**What to work on**. Your response to the data below should hold nothing except the lines from the one containing "班でまとめたことをペッパーく" down to the one containing "936个/mL;当锥盘插入深度从200 mm增加到250 mm时,SS和浊度去除率降低,溢流颗粒数增大。", reproduced exactly and without pictures.

**Available records**.
******

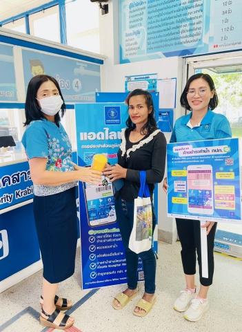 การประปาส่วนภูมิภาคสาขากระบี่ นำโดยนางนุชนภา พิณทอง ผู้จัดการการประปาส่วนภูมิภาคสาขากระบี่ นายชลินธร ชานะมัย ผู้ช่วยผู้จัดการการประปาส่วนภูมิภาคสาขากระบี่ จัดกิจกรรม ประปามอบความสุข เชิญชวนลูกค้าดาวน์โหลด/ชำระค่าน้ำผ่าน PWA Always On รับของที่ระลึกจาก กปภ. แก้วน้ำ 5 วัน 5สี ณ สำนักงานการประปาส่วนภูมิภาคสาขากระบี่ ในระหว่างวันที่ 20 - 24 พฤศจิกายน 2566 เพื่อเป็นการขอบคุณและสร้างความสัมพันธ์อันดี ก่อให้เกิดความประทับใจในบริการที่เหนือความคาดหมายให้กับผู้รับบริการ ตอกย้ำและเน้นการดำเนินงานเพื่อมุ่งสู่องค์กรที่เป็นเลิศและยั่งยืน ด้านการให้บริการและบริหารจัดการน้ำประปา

******

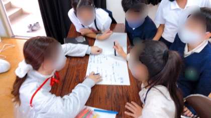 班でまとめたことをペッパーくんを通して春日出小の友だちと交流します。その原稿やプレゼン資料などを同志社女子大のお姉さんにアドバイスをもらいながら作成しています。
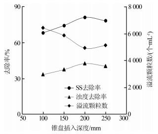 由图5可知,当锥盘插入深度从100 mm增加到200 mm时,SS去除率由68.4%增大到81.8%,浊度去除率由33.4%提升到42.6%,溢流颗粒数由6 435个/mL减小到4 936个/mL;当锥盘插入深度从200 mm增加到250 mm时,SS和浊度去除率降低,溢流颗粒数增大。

******

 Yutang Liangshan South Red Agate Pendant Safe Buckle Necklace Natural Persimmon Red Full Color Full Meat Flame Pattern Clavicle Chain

******

**Response**.
 班でまとめたことをペッパーくんを通して春日出小の友だちと交流します。その原稿やプレゼン資料などを同志社女子大のお姉さんにアドバイスをもらいながら作成しています。
 由图5可知,当锥盘插入深度从100 mm增加到200 mm时,SS去除率由68.4%增大到81.8%,浊度去除率由33.4%提升到42.6%,溢流颗粒数由6 435个/mL减小到4 936个/mL;当锥盘插入深度从200 mm增加到250 mm时,SS和浊度去除率降低,溢流颗粒数增大。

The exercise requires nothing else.